Iza in the Flesh

By Mira Sydow | Photos by Iza Hu

Iza Hu doesn’t wear shoes when she tattoos. I tell her this, perched on a black folding chair in the corner of her makeshift bedroom-studio, watching her black fuzzy socks pace the hardwood floors. She laughs—“I’ve never thought about that. Like, most people in the world probably wear shoes when they tattoo.” If it weren’t already apparent, Iza isn’t like most people. She isn’t even like most twenty-something, starving-artist, scrappy-student, tattoo-covered people. She’s something else entirely.

Iza’s body is an experiment.

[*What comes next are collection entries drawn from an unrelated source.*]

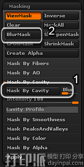 5、接下来,进入Masking子菜单,激活Mask By Cavity选项,将遮罩所有的空洞,然后按Blur Mask按钮模糊遮罩边缘。
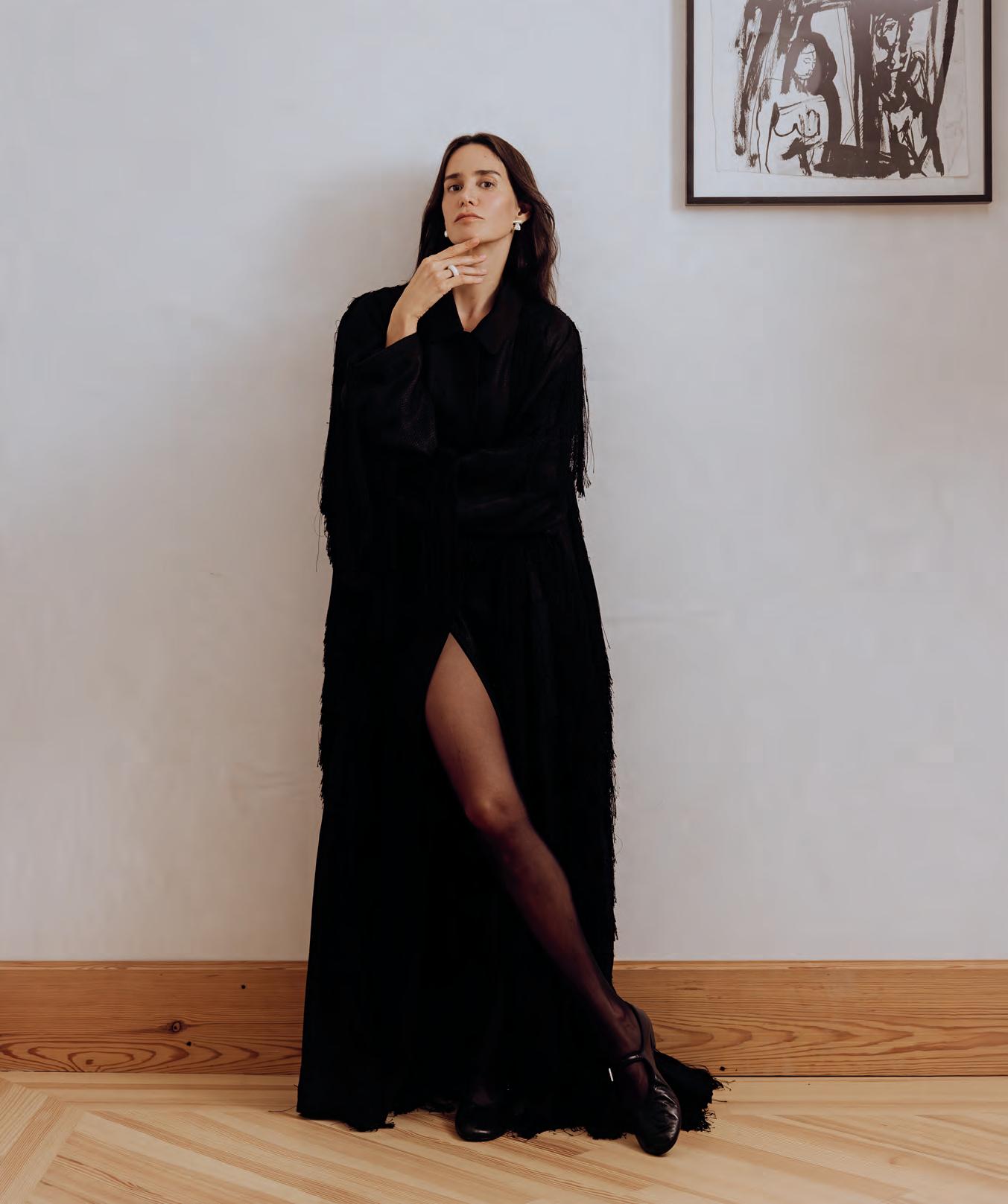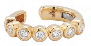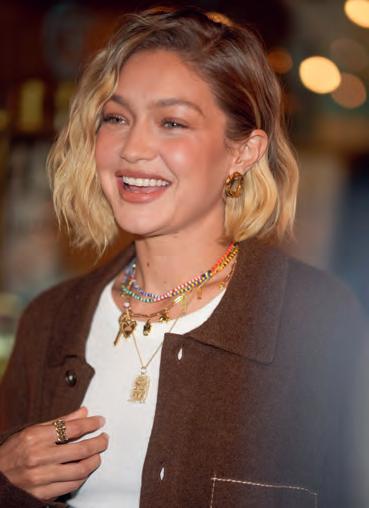 back, bohemian style that echoes through her jewelry designs and how she styles her pieces herself. “It looks great stacked, but it’s also easy to wear on its own. Sometimes I don’t even wear earrings—just a single ear cuff.”
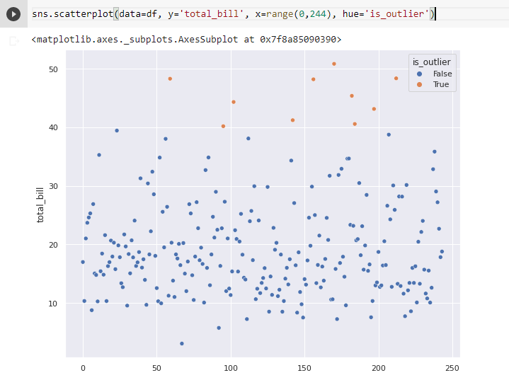 sns.scatterplot(data=df['total_bill'], hue=is_outlier)发布于 2022-01-30 22:14:06
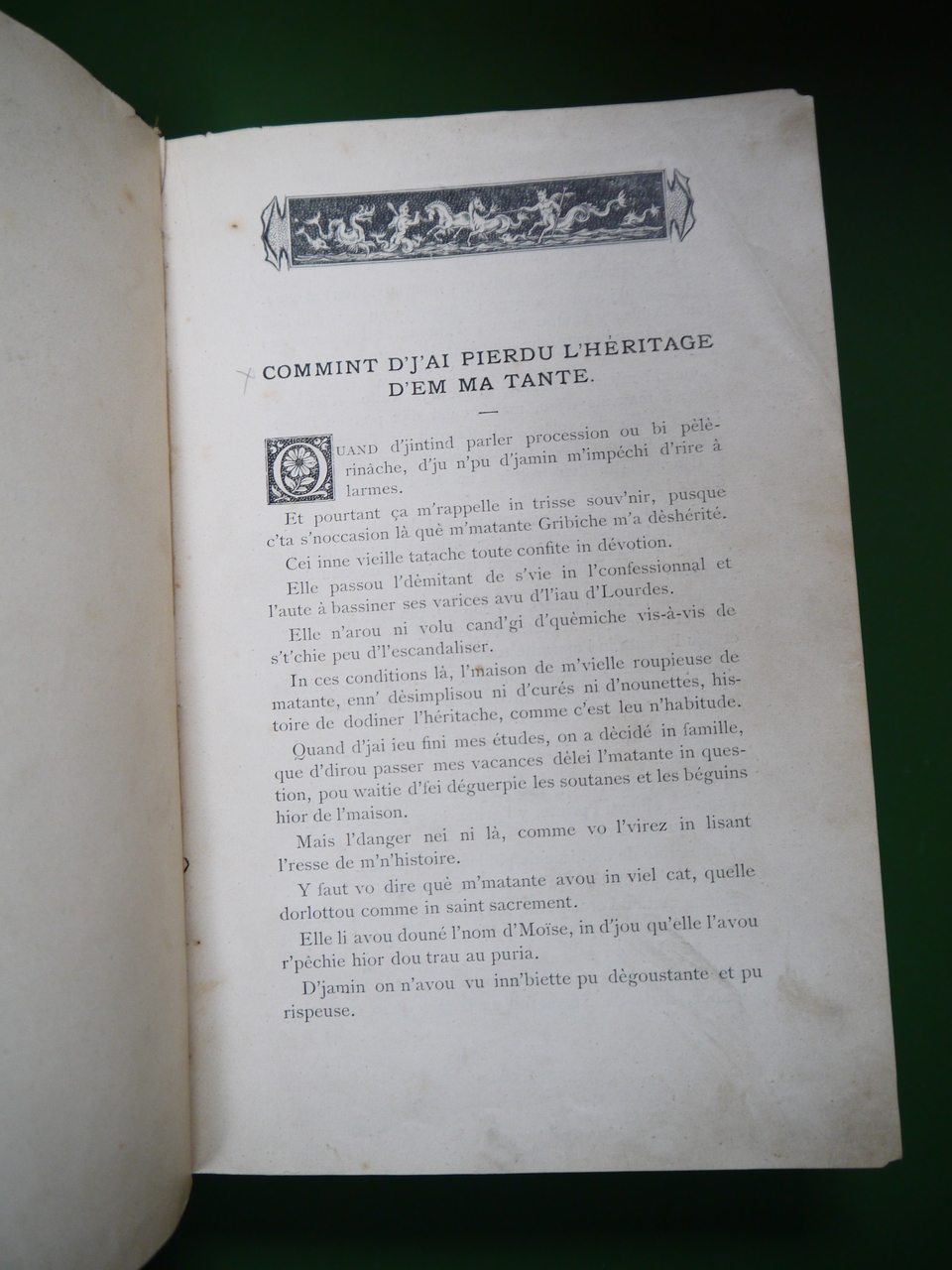 En véritable patois borain made in Frameries! Edition probable en 1892, ouvrage divisé en six parties: Prose, fauques, cansons, monolôques, poésies diverses, théâte. L’exemplaire proposé, bien que relié, a bien vécu déjà, à noter notamment quelques crayonnages et rousseurs.
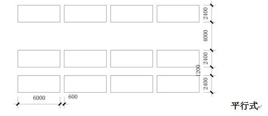 根據(jù)地形條件以占地面積小、疏散方便、保證安全為原則,主要停車方式有平行式、斜列式、垂直式三種。其中間最小距離以小型車為例,停車方式見下圖
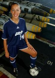 | Keywords: US Navy 040612-N-7781D-102 Airman Apprentice Jamie Klemmer assigned to the Weapons Department aboard the Nimitz-class aircraft carrier USS Harry S. Truman (CVN 75).jpg en Atlantic Ocean June 12 2004 - Airman Apprentice Jamie Klemmer assigned to the Weapons Department aboard the Nimitz-class aircraft carrier USS Harry S Truman CVN 75 stands with a soccer ball underfoot Klemmer has been selected as one of eighteen women in the military to play on the U S Armed Forces Soccer Team U S Navy photo by Photographer s Mate 2nd Class Andrea Decanini RELEASED 2004-06-12 040612-N-7781D-102 Navy http //www navy mil/view_image asp id 15303 U S Navy photo by Photographer s Mate 2nd Class Andrea Decanini PD-USGov-Military-Navy Aboard USS Harry S Truman CVN-75 |
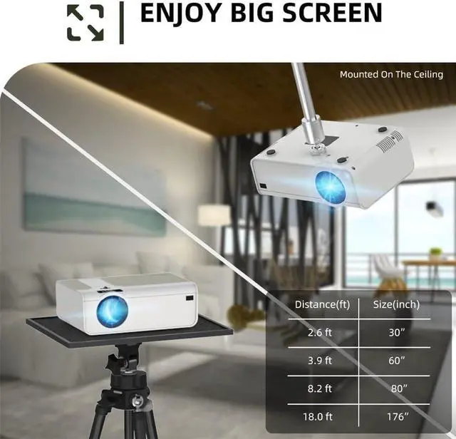 T4 Mini projector 3600 Lumens Support Full 1080P LED Proyector Big Screen Portable Home Theater Smart Video Beamer(D)
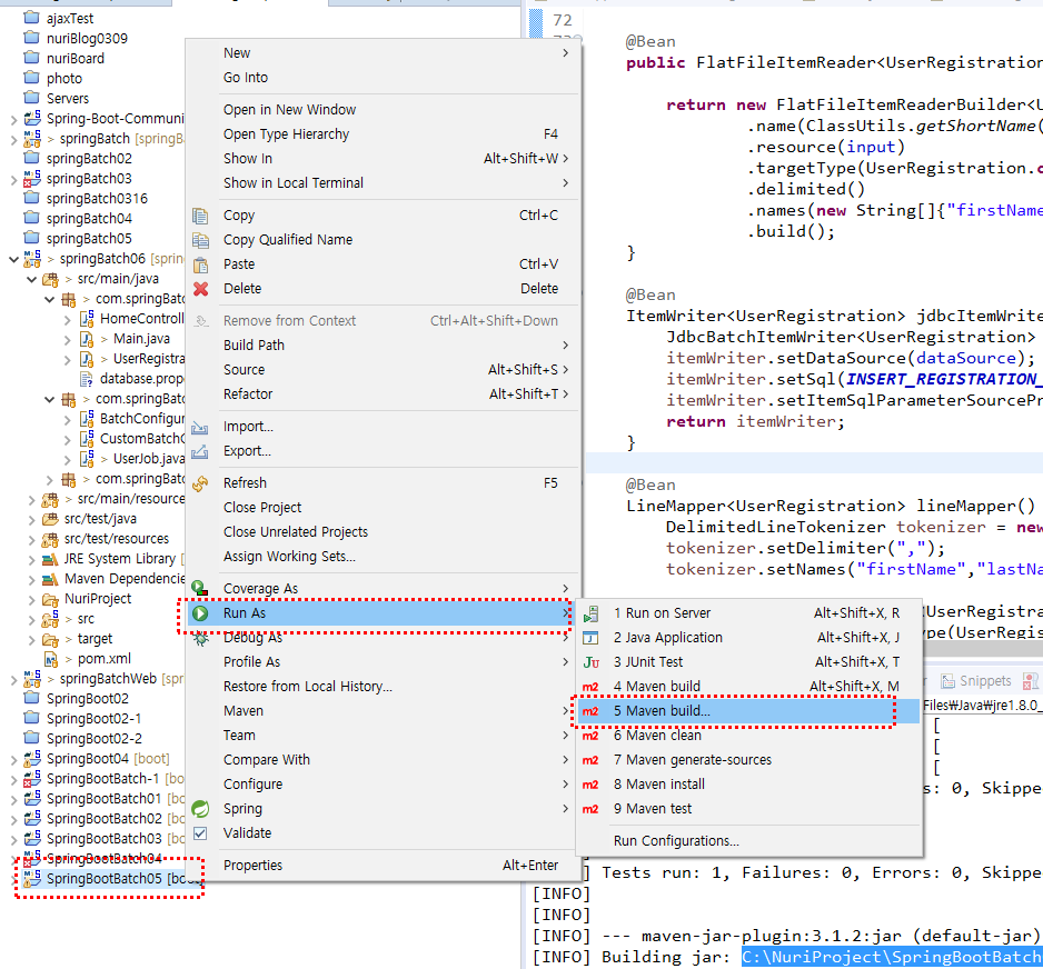 우선 다음과 같이 프로젝트를 Maven 빌드해준다.

A figure plucked from the pages of a YA novel where the mystical protagonists carve spells into their skin, or the lyrics of a small, Brooklyn-based rock group’s top hit about their elusive dream girl (she’s aloof but sensitive, and very, very cool). More concretely, she’s a senior at Penn studying design and a self-taught tattoo artist who works out of her makeshift bedroom-studio. Iza took up inking during the summer of 2021, practicing on a few fruits, her (very trusting) friends, and herself, eventually working her way up to a semi-professional setup in the corner of her room. Iza isn’t the kind of person you forget meeting. Even if her name slips your mind, her dark hair, dark eyes, and the even darker marks etched into her skin burn into your memory.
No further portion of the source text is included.